> [Aim of the task]: Copy the listing verbatim, excluding any images found in it.

> [Recorded information]:
:::

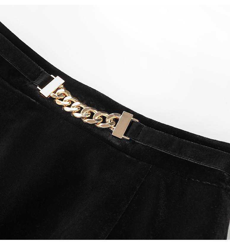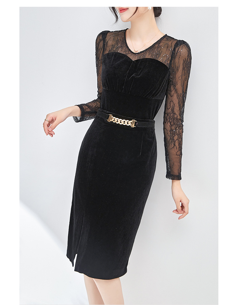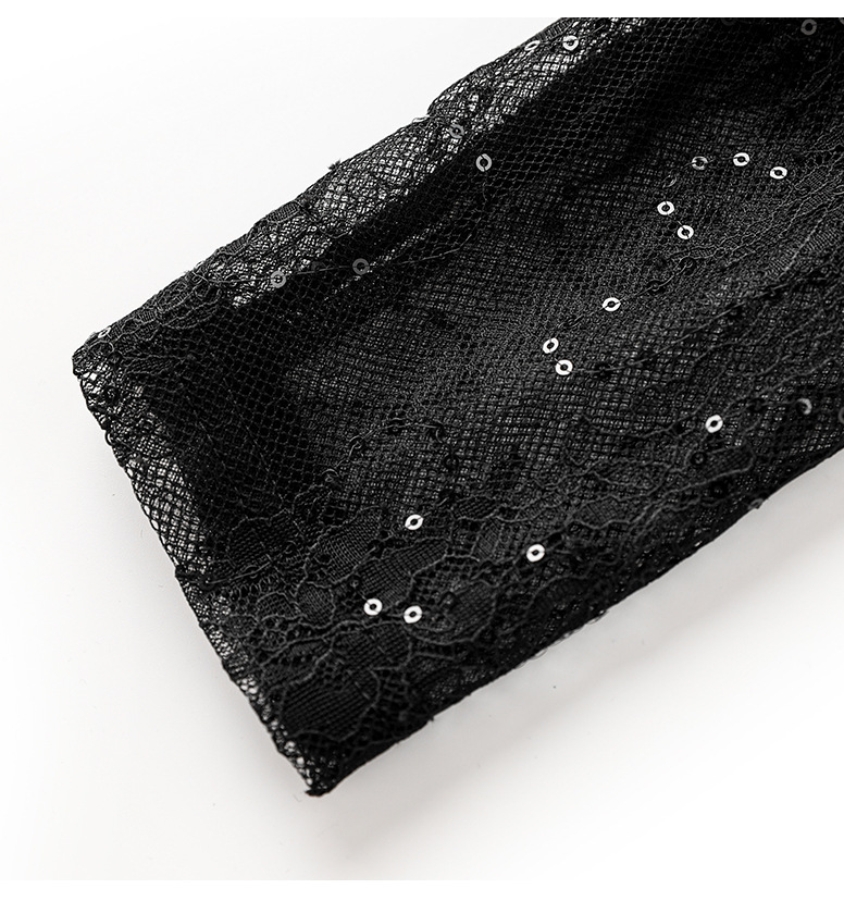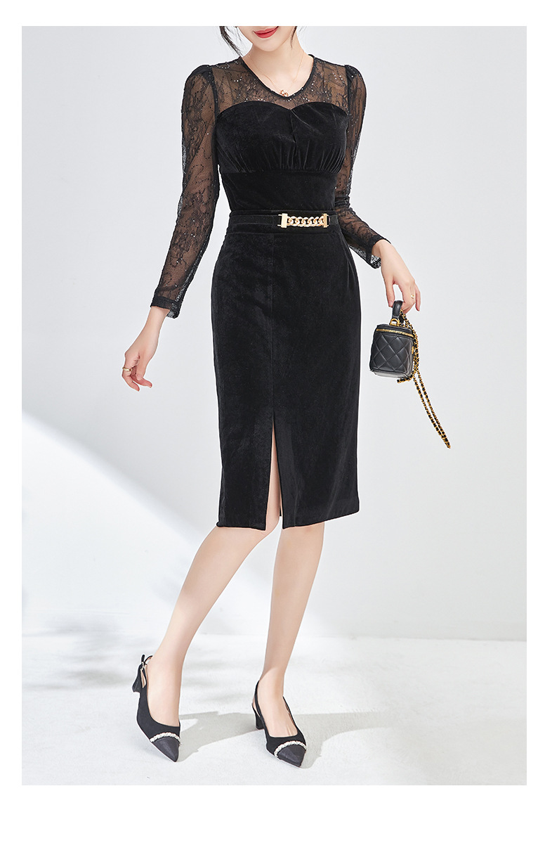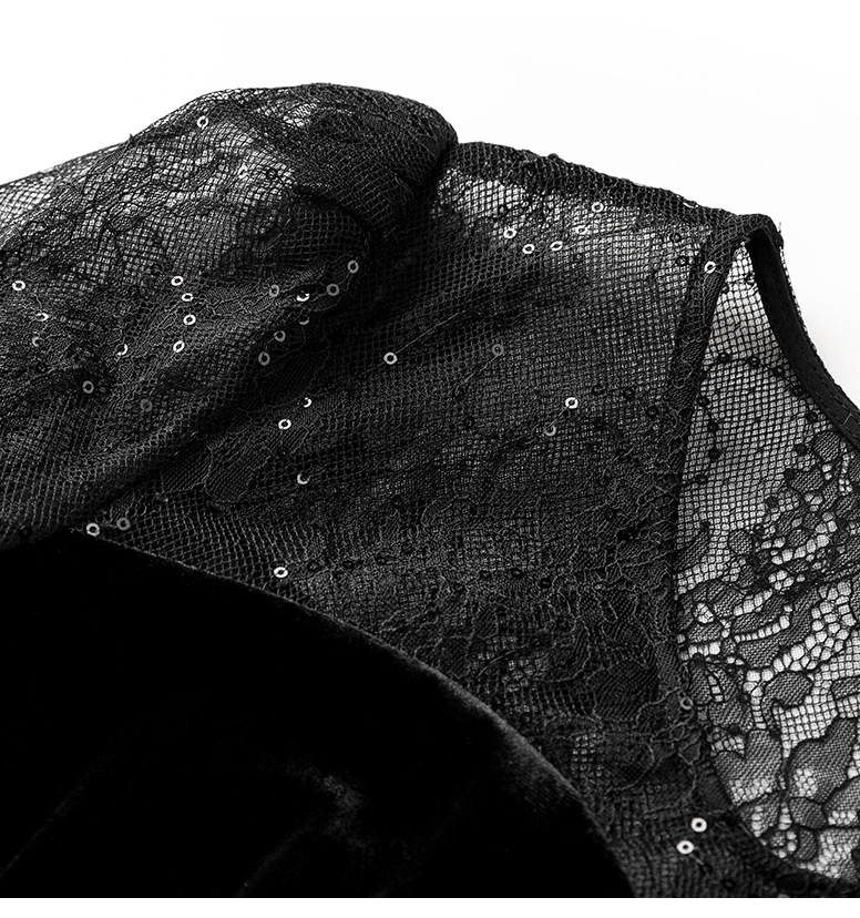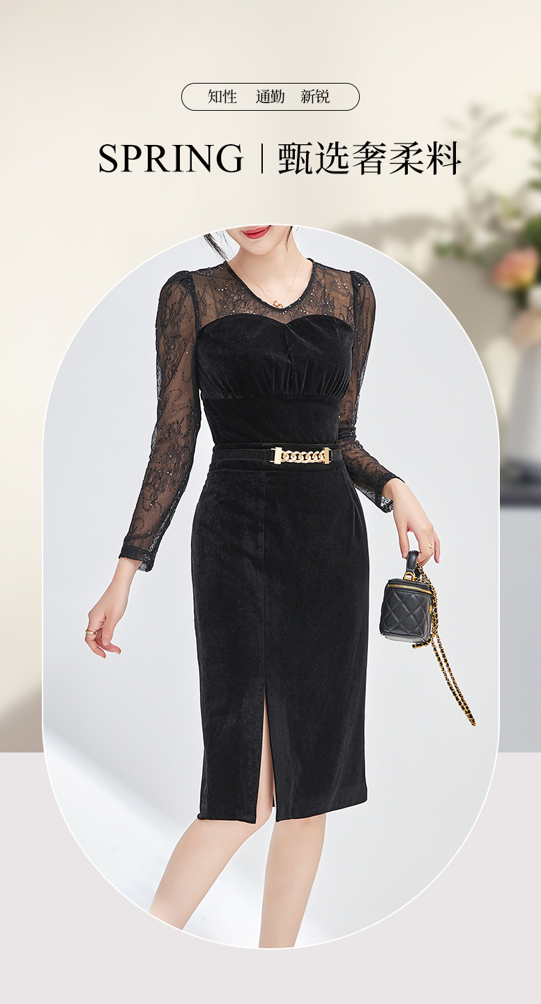 法式显瘦,丝绒拼亮片蕾丝上衣+高腰开叉半身裙两件套WLZD-2405110
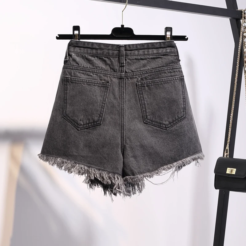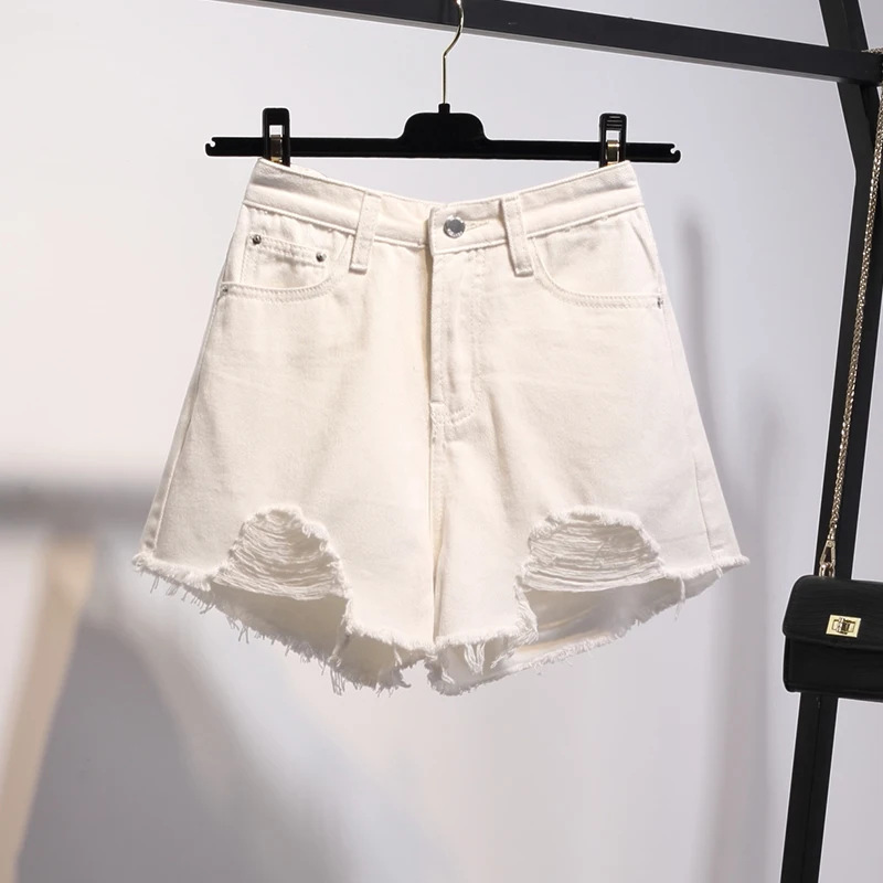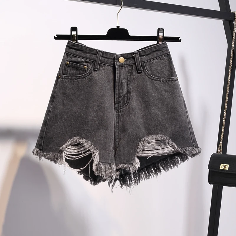 Женские джинсовые шорты с дырочками и необработанными краями, новые модные уличные повседневные летние шорты 2021 года, свободные, тонкие, с высокой талией, женские джинсы, горячие шорты
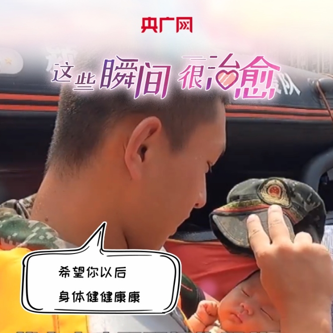 廣東潮州的“00后”武警救出“20后”滿月嬰兒,并脫下帽子為孩子遮陽。

:::

> [Solution to the problem]:
 法式显瘦,丝绒拼亮片蕾丝上衣+高腰开叉半身裙两件套WLZD-2405110
 Женские джинсовые шорты с дырочками и необработанными краями, новые модные уличные повседневные летние шорты 2021 года, свободные, тонкие, с высокой талией, женские джинсы, горячие шорты
 廣東潮州的“00后”武警救出“20后”滿月嬰兒,并脫下帽子為孩子遮陽。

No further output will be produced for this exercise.